START Extracted information

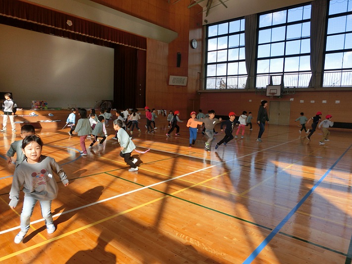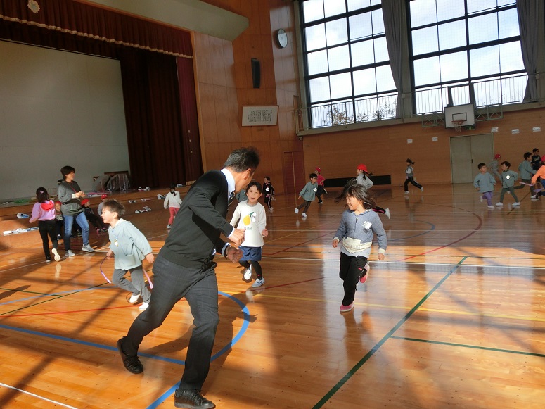 校長先生も飛び入り参加!子ども達も一生懸命に追いかけます。
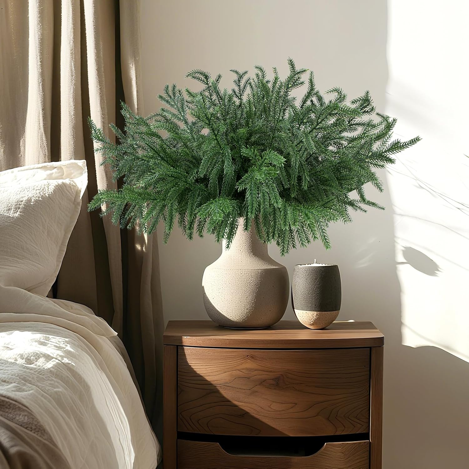 • 12Pcs Artificial Pine Branches: This set includes 12 pcs real touch Norfolk pine branches, giving you plenty for decorating. As shown, 12 branches can fill a vase for a full and lush look, and they’re also ideal for making Christmas wreaths or garlands
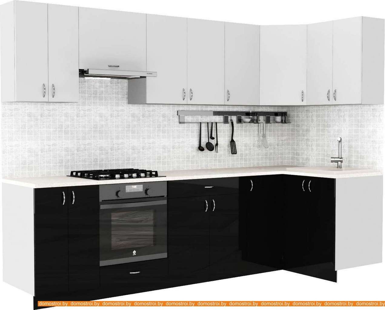 Кухня S-Company Клео глосc 1.2x2.9 правая (черный глянец/белый глянец)
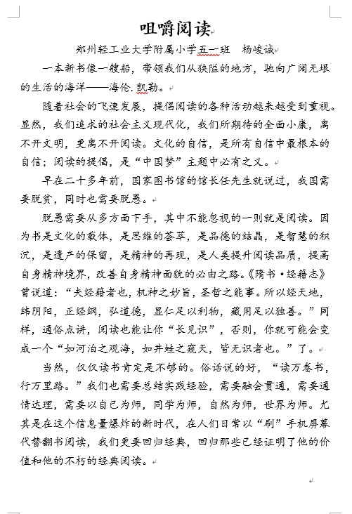 指导老师:安静婧 所属学校:郑州轻工业大学附属小学
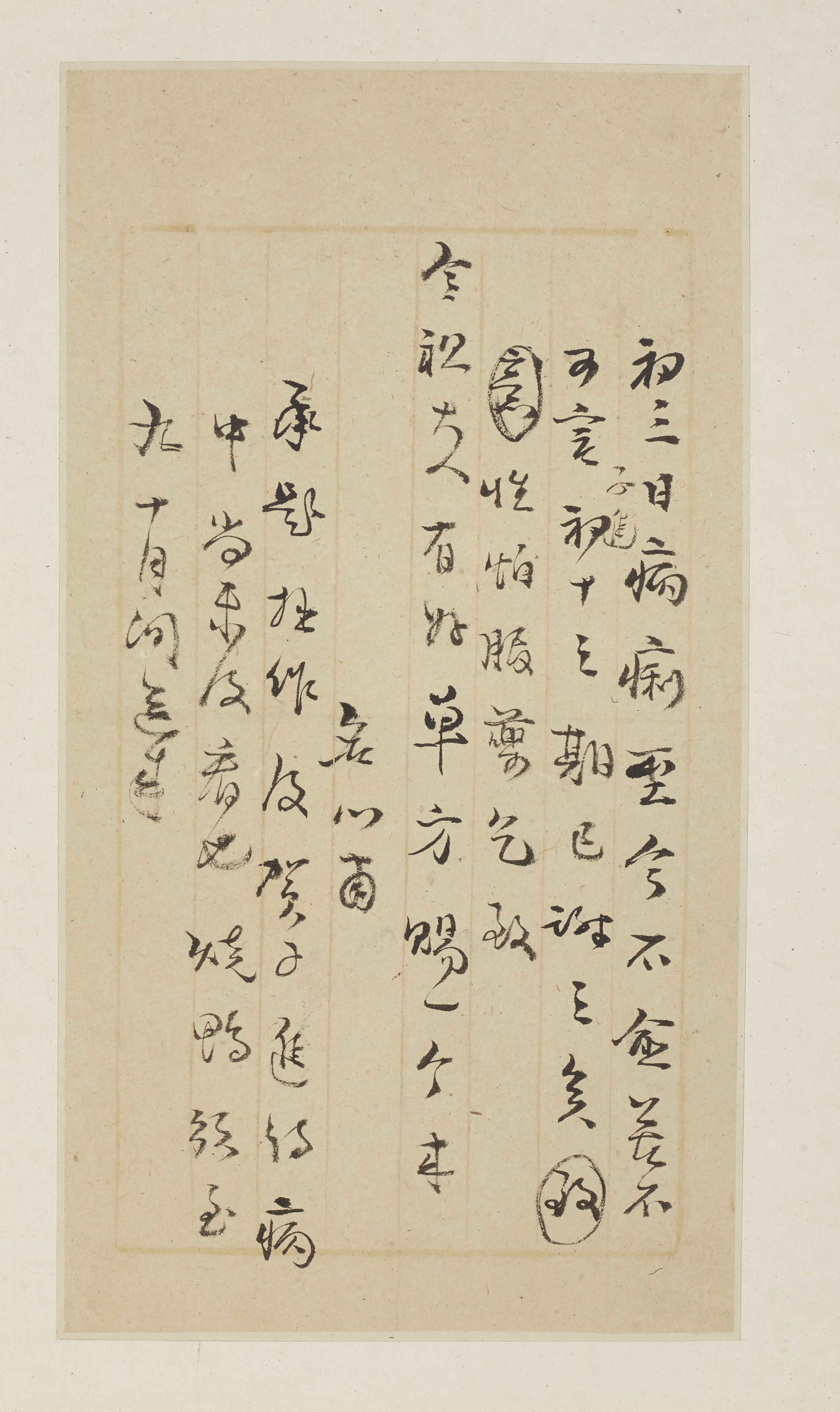 第七通释文:初三日,病痢至今不愈,苦不可言。子进初十之期已谢之矣,(致意)性怕服药,乞致令祖大人有好单方赐一个来,名心肃。承题拙作及贺子进诗,病中尚未及看也,烧鸭须至九十月间送来。
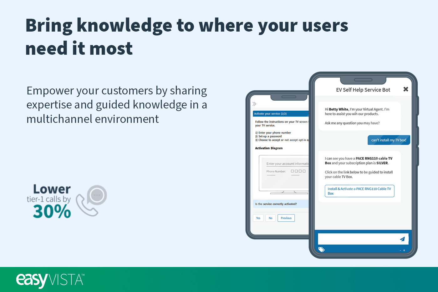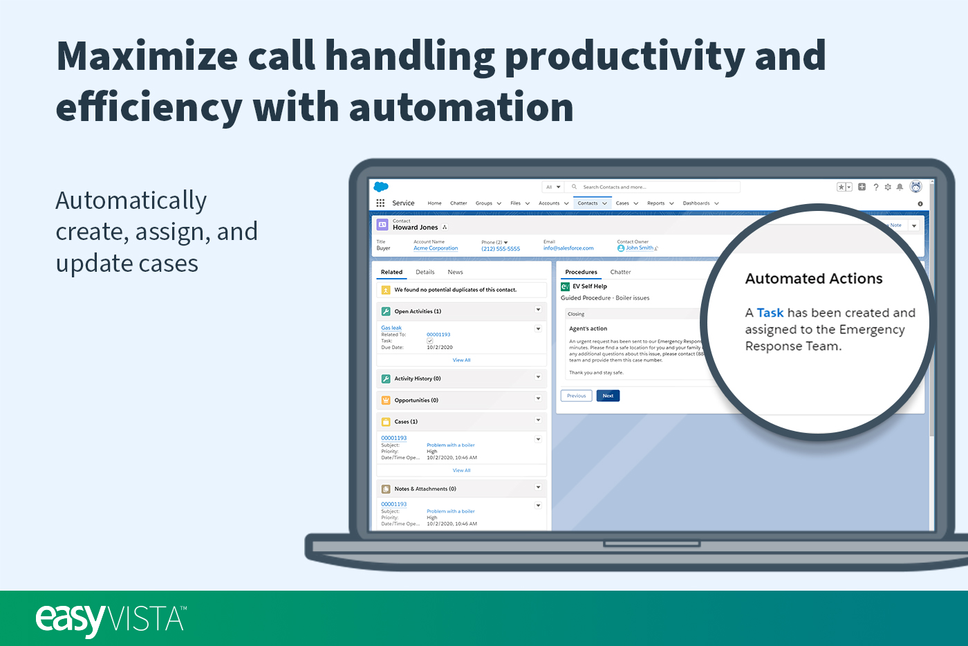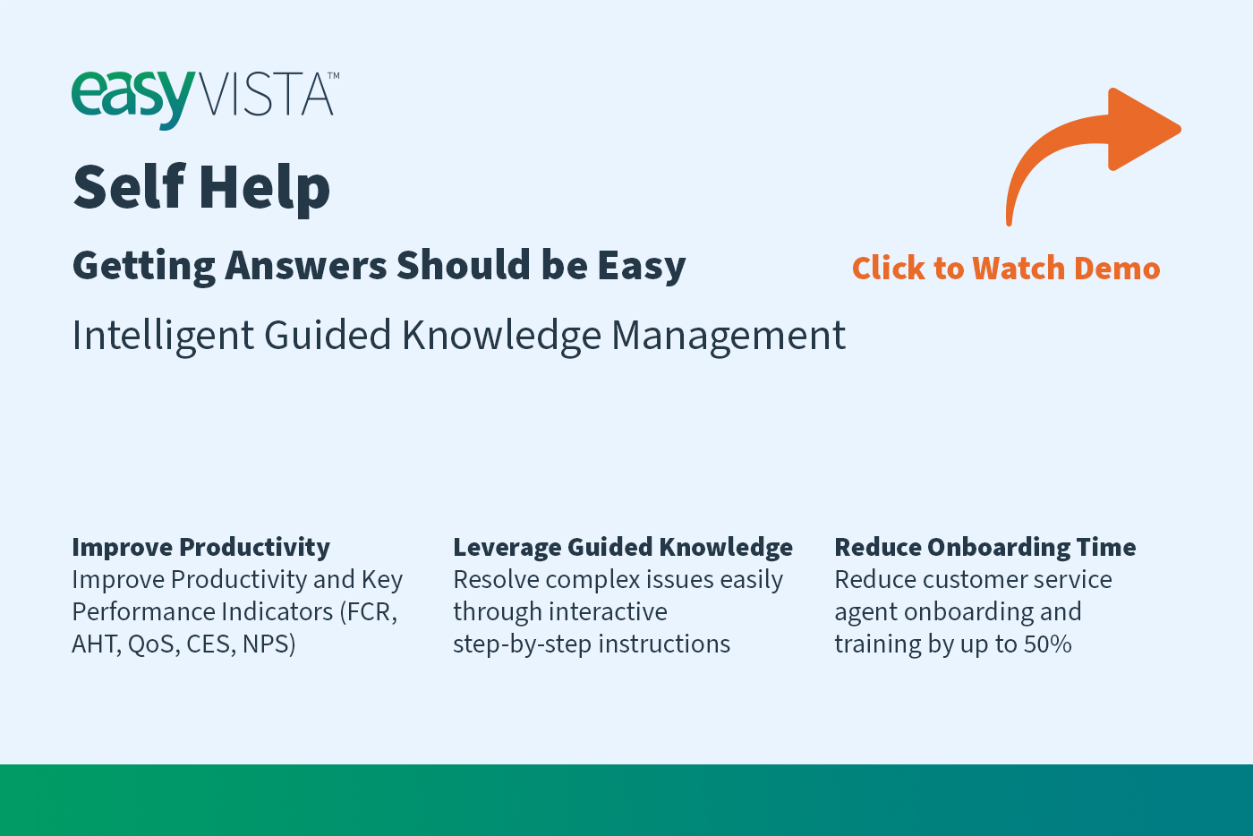 Agent ProductivityEasyVista Self Help for the Salesforce Service Cloud complements Salesforce Knowledge by providing data-driven interactive scripts to improve the handling of complex customer service issues.
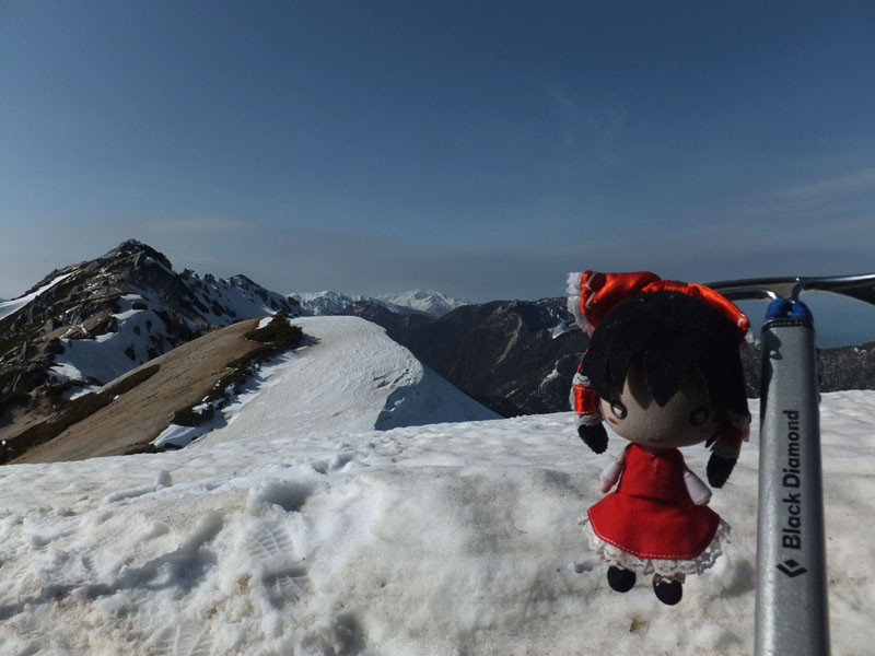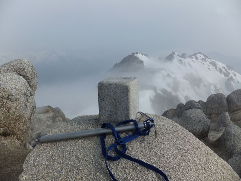 ピッケルは撮影用で、上級者なら6本アイゼン+ストックで十分来れる。
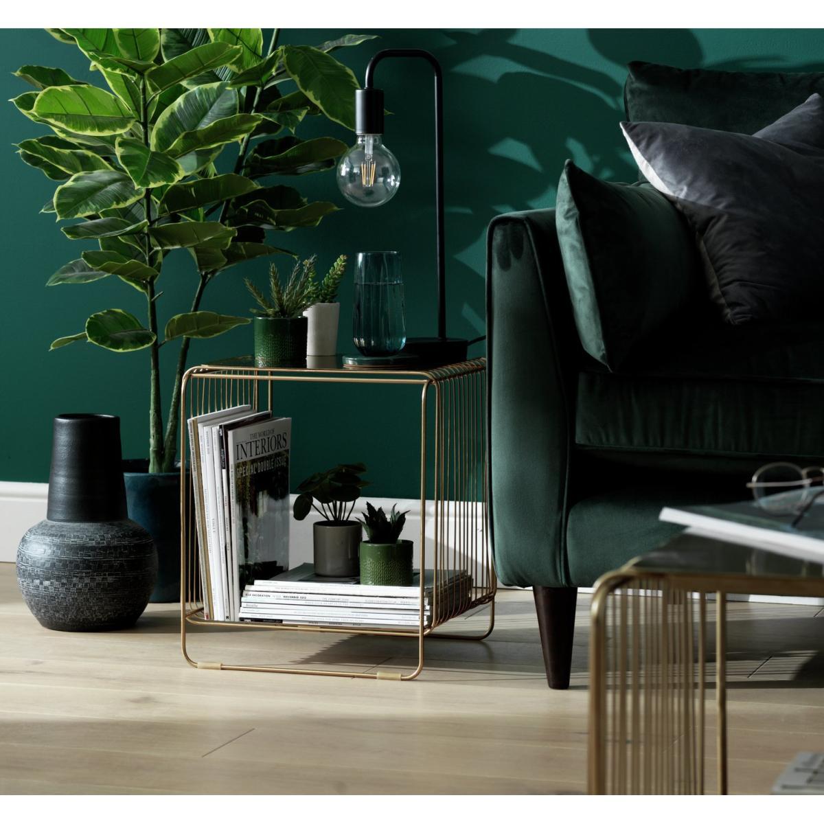 Reinvented retro. Wire furniture is in, so why not make our trendy wire gold accent black side table part of your home? Inspired by 50s Eames style but so very modern, it's an eye-catching stunner and conversation piece.

END Extracted information

▶ Task
Starting at the line with "Agent ProductivityEasyVista Self", output each line through the final one of the listing above, and nothing else. Pictures are to be left out.

▶ Final answer
 Agent ProductivityEasyVista Self Help for the Salesforce Service Cloud complements Salesforce Knowledge by providing data-driven interactive scripts to improve the handling of complex customer service issues.
 ピッケルは撮影用で、上級者なら6本アイゼン+ストックで十分来れる。
 Reinvented retro. Wire furniture is in, so why not make our trendy wire gold accent black side table part of your home? Inspired by 50s Eames style but so very modern, it's an eye-catching stunner and conversation piece.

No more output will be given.